Excelentísimo Señor Presidente de la República,
Señores Cardenales,
Venerados hermanos en el Episcopado y el Sacerdocio,
Distinguidas autoridades,
Amado pueblo de Guanajuato y de México entero
Me siento muy feliz de estar aquí, y doy gracias a Dios por haberme
permitido realizar el deseo, guardado en mi corazón desde hace mucho tiempo, de
poder confirmar en la fe al Pueblo de Dios de esta gran nación en su propia
tierra.
Es proverbial el fervor del pueblo mexicano con el Sucesor de Pedro, que
lo tiene siempre muy presente en su oración.
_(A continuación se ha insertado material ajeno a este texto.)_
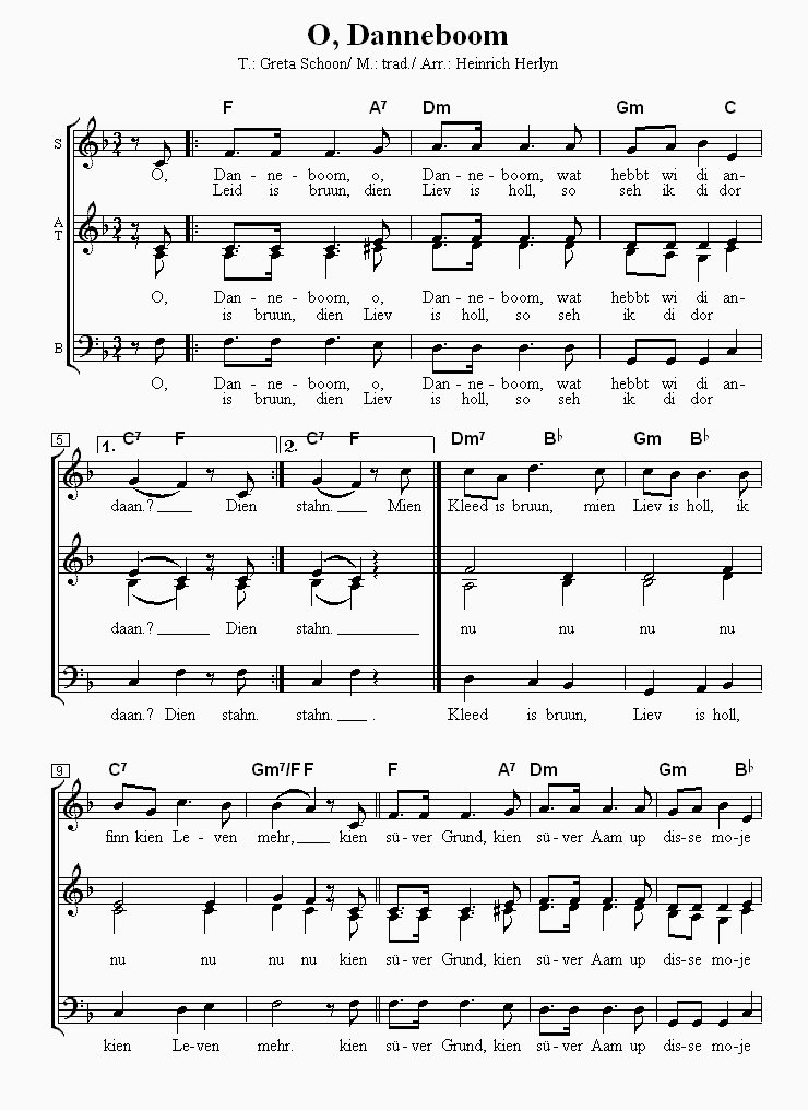 | O Danneboom | Greta Schoon | Heinrich Herlyn | SATB | 2 | ||

Lo digo en este lugar, considerado
el centro geográfico de su territorio, al cual ya quiso venir desde su primer
viaje mi venerado predecesor, el beato Juan Pablo II.
Al no poder hacerlo, dejó en aquella ocasión un mensaje de aliento y
bendición cuando sobrevolaba su espacio aéreo. Hoy me siento dichoso de hacerme
eco de sus palabras, en suelo firme y entre ustedes: Agradezco decía en su
mensaje el afecto al Papa y la fidelidad al Señor de los fieles del Bajío y
de Guanajuato. Que Dios les acompañe siempre (cf. Telegrama, 30 enero 1979).
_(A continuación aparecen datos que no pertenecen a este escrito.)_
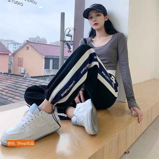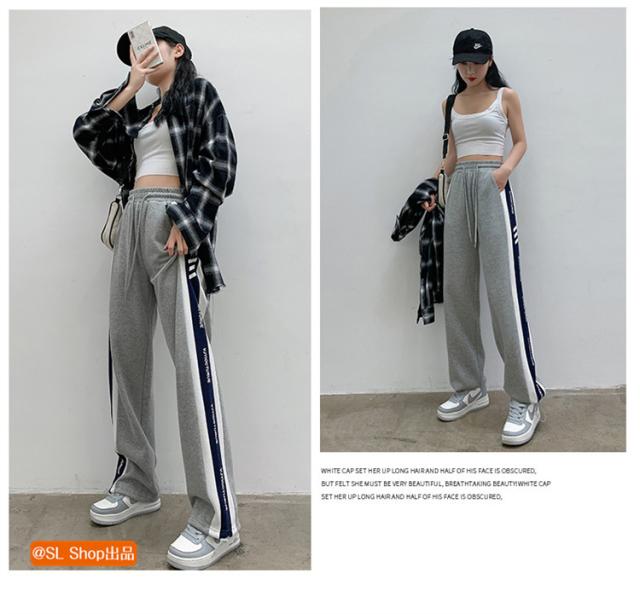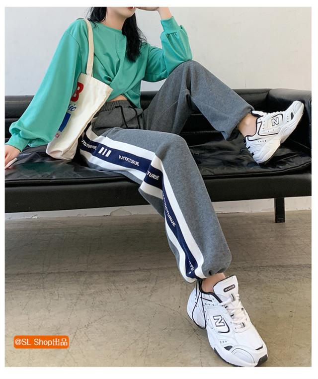 ジャージ 下 レディース ドローストリングパンツ ジャージパンツ 切り替え カジュアル 部屋着 英字柄 秋

Con este recuerdo entrañable, le doy las gracias, Señor Presidente, por
su cálido recibimiento, y saludo con deferencia a su distinguida esposa y demás
autoridades que han querido honrarme con su presencia. Un saludo muy especial a
Monseñor José Guadalupe Martín Rábago, Arzobispo de León, así como a Monseñor
Carlos Aguiar Retes, Arzobispo de Tlalnepantla, y Presidente de la Conferencia
del Episcopado Mexicano y del Consejo Episcopal Latinoamericano. Con esta breve
visita, deseo estrechar las manos de todos los mexicanos y abarcar a las
naciones y pueblos latinoamericanos, bien representados aquí por tantos
obispos, precisamente en este lugar en el que el majestuoso monumento a Cristo
Rey, en el cerro del Cubilete, da muestra de la raigambre de la fe católica
entre los mexicanos, que se acogen a su constante bendición en todas sus
vicisitudes.
México, y la mayoría de los pueblos latinoamericanos, han conmemorado el
bicentenario de su independencia, o lo están haciendo en estos años. Muchas han
sido las celebraciones religiosas para dar gracias a Dios por este momento tan
importante y significativo. Y en ellas, como se hizo en la Santa Misa en la
Basílica de San Pedro, en Roma, en la solemnidad de Nuestra Señora de
Guadalupe, se invocó con fervor a María Santísima, que hizo ver con dulzura
cómo el Señor ama a todos y se entregó por ellos sin distinciones. Nuestra
Madre del cielo ha seguido velando por la fe de sus hijos también en la
formación de estas naciones, y lo sigue haciendo hoy ante los nuevos desafíos
que se les presentan.
Vengo como peregrino de la fe, de la esperanza y de la caridad. Deseo
confirmar en la fe a los creyentes en Cristo, afianzarlos en ella y animarlos a
revitalizarla con la escucha de la Palabra de Dios, los sacramentos y la
coherencia de vida. Así podrán compartirla con los demás, como misioneros entre
sus hermanos, y ser fermento en la sociedad, contribuyendo a una convivencia
respetuosa y pacífica, basada en la inigualable dignidad de toda persona
humana, creada por Dios, y que ningún poder tiene derecho a olvidar o
despreciar. Esta dignidad se expresa de manera eminente en el derecho
fundamental a la libertad religiosa, en su genuino sentido y en su plena
integridad.
Como peregrino de la esperanza, les digo con san Pablo: «No se
entristezcan como los que no tienen esperanza» (1 Ts 4,13).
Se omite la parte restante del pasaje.